Start of Project: 01.04.2020 — End of Project: 31.10.2023
In the last couple of years governments of several countries have developed bioeconomy strategies, defining their perceptions considering a transformation to an economy based on renewable resources. The latest bioeconomy strategy of the German government, published in January 2020, accounts for the country’s international responsibility to contribute to sufficient world food production as well as to protect the climate, natural resources and environment. Simultaneously the strategy also aims to establish a supportive environment for dynamic research and innovation in the field of bio-based products, energies, processes and services.
This research follows-up from the “BioNex”-Project which concentrated on the identification and evaluation of bioeconomy activities that might have impacts on regional and global agricultural markets. Successively, the BioSDG project evaluates how transformation towards a bioeconomy can contribute to the achievement of the UN Sustainable Development Goals (SDGs) and analyses potential trade-offs between individual SDG targets. These trade-offs arise as the implementation of the bioeconomy is accompanied by an increased demand for the limited resource land.
The main focus of this project lies on the production of bioenergy with carbon capture and storage (BECCS). 85 percent of the scenarios evaluated by the Intergovernmental Panel on Climate Change (IPCC) assume the application of such negative emission technologies to comply with the two degree target. However, the application of BECCS results in a higher demand for biomass, because it requires crop- and wood-based biomass for bioenergy production. Besides feedback effects on food prices, the expansion of agricultural land into natural areas, or the conversion of forests, bear further trade-offs considering SDG targets.

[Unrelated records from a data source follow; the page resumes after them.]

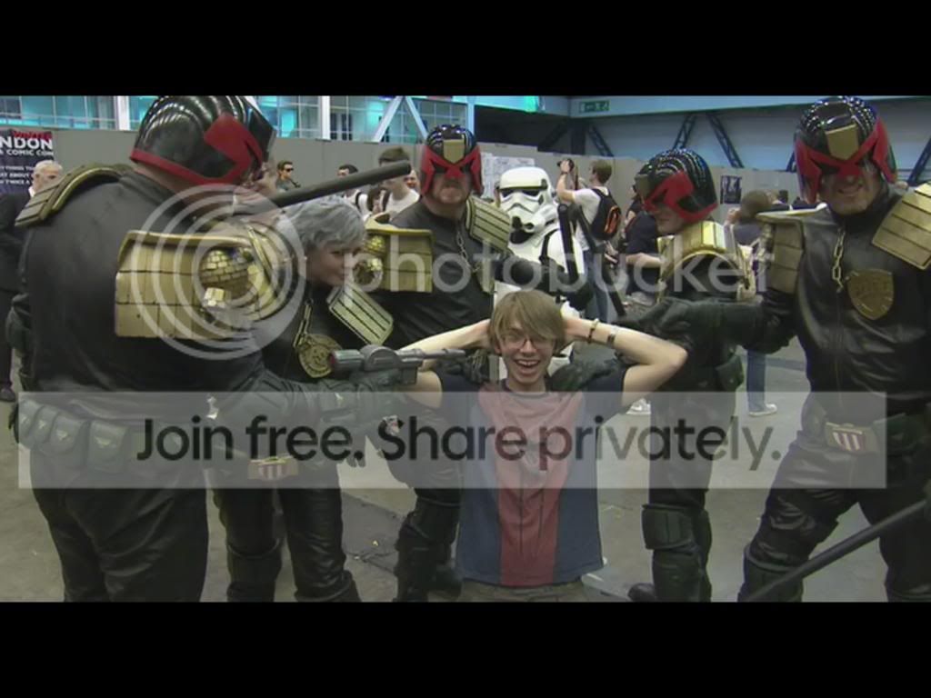 Great shot of the Judges on patrol on that Sky News article. Still bummed we missed them (God knows how!). Me and my boy are just walking behind the zombie soldier (who was really great!). I kind of noticed a camera when he was attacking my lad and then as he heads off towards the camera as we are walking away. Fame at last....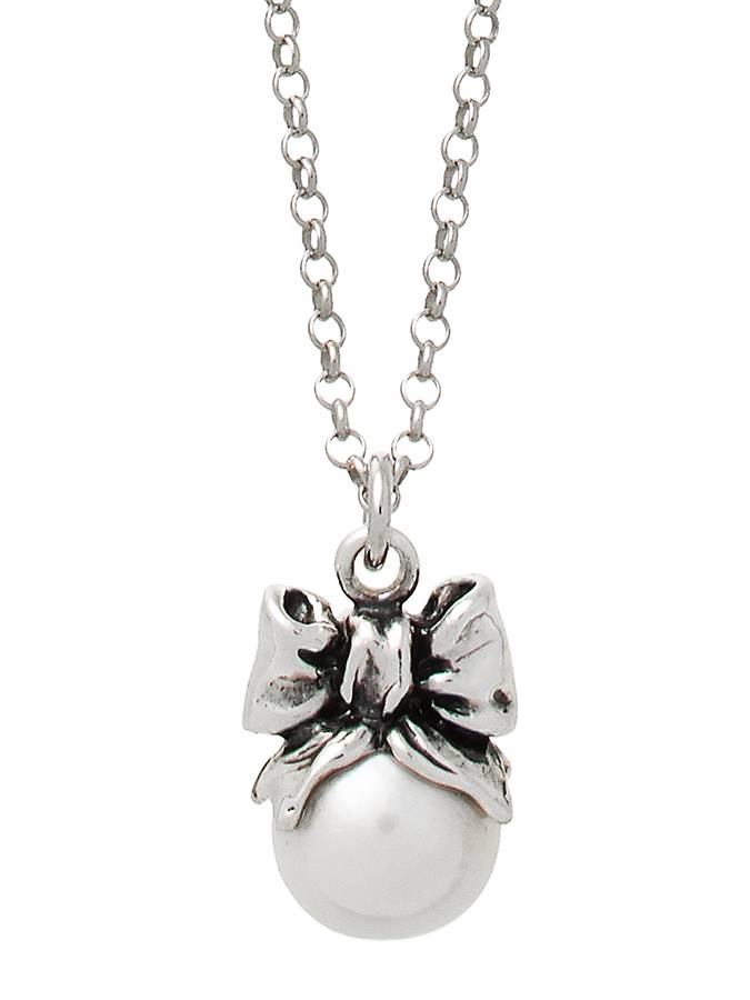 E´ delizioso questo fiocco che sorregge una bella perla di acqua dolce. La collana misura cm. 45.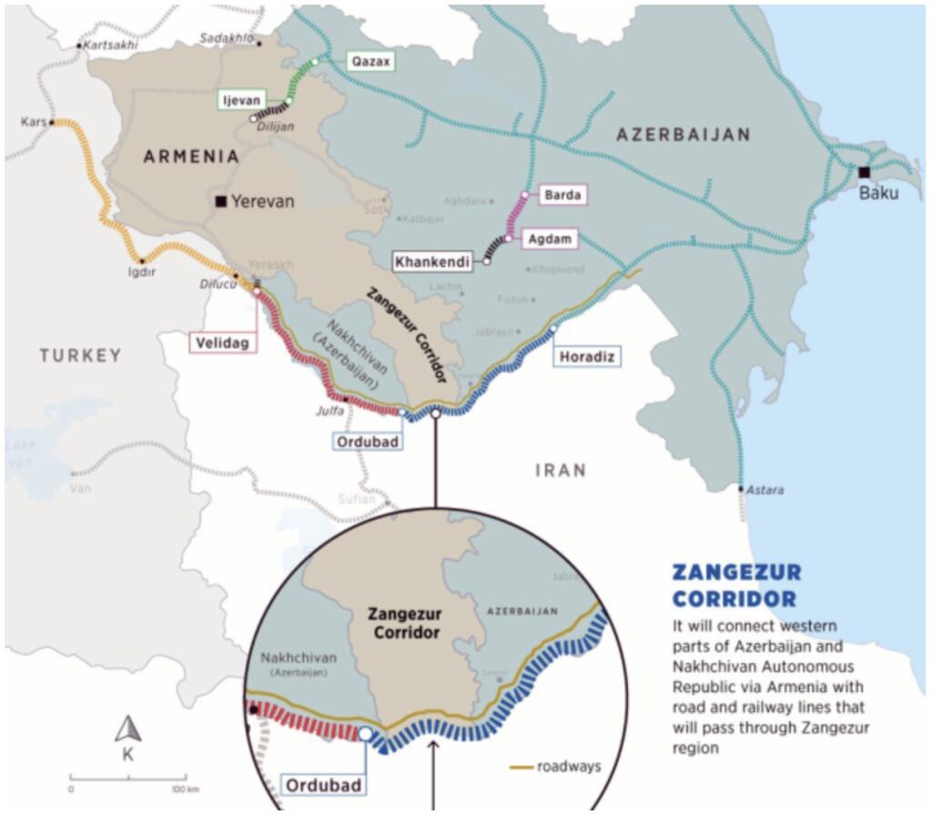 Much of the intrigue in the Caucasus centers around the so-called Zangezur Corridor, a 42-kilometer strip of land in southern Armenia wedged between Azerbaijan and its exclave, Nakhchivan, and bordered by Iran to the south.

To evaluate those trade-offs, this research approach combines economic and biophysical models, and evaluates various scenarios describing different possible future developments. The models to be combined are the computable general equilibrium (CGE) model DART (IfW), the plant growth model PROMET (LMU), and the global forest products model GFPM (Thünen Institute). With coupling of these three models it is possible to consider global and sectoral interdependencies through markets, as well as local feedback and adjustment effects in land and forest-based production and land-use. Further, resulting effects on food security, biodiversity and climate can also be analysed.